- WHAT NEEDS TO BE DONE: Return the lines of the material below exactly, beginning with the line that has "输入数据时,第1行输入升序数" in it and finishing with the line that has "J. P. SAUER" in it. Leave all pictures aside.

- RECORDS PROVIDED:
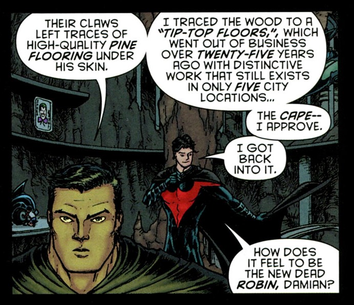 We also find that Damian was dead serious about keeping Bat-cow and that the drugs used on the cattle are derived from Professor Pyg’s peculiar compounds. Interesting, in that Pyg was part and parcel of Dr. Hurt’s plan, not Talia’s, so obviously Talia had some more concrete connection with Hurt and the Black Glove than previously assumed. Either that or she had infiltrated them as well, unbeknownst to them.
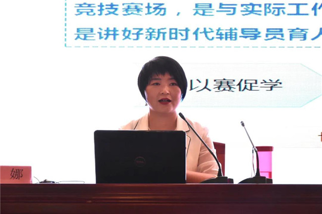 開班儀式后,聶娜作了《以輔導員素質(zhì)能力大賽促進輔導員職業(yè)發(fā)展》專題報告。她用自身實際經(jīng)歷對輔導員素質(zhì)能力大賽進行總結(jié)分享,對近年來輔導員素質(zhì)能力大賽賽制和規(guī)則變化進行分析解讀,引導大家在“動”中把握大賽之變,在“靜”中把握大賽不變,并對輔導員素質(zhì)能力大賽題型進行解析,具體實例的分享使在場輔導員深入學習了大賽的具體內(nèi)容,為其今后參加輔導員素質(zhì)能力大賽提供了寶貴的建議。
==
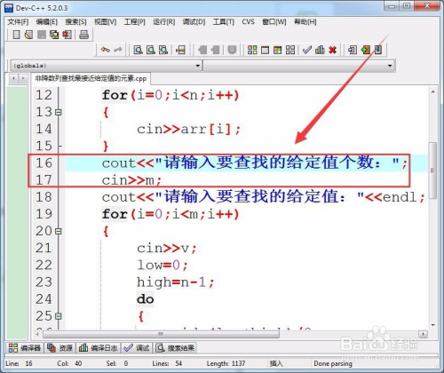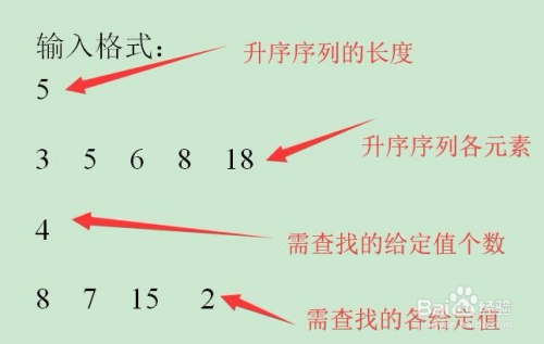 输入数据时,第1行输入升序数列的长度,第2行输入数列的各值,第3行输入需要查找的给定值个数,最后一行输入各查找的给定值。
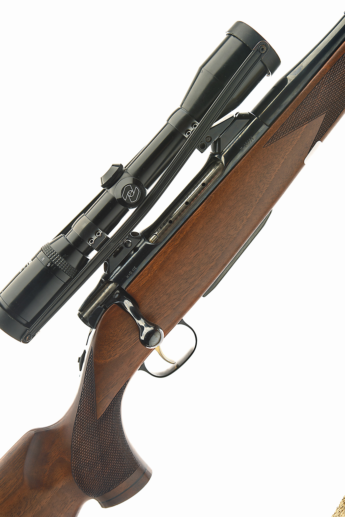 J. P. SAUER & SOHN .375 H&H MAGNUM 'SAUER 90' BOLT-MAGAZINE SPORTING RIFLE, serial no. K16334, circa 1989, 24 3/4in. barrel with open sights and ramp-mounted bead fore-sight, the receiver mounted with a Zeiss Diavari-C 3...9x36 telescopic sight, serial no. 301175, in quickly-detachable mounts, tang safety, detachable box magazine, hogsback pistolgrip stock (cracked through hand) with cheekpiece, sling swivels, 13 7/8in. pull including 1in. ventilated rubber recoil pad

- SOLUTION TO THE PROBLEM:
 输入数据时,第1行输入升序数列的长度,第2行输入数列的各值,第3行输入需要查找的给定值个数,最后一行输入各查找的给定值。
 J. P. SAUER & SOHN .375 H&H MAGNUM 'SAUER 90' BOLT-MAGAZINE SPORTING RIFLE, serial no. K16334, circa 1989, 24 3/4in. barrel with open sights and ramp-mounted bead fore-sight, the receiver mounted with a Zeiss Diavari-C 3...9x36 telescopic sight, serial no. 301175, in quickly-detachable mounts, tang safety, detachable box magazine, hogsback pistolgrip stock (cracked through hand) with cheekpiece, sling swivels, 13 7/8in. pull including 1in. ventilated rubber recoil pad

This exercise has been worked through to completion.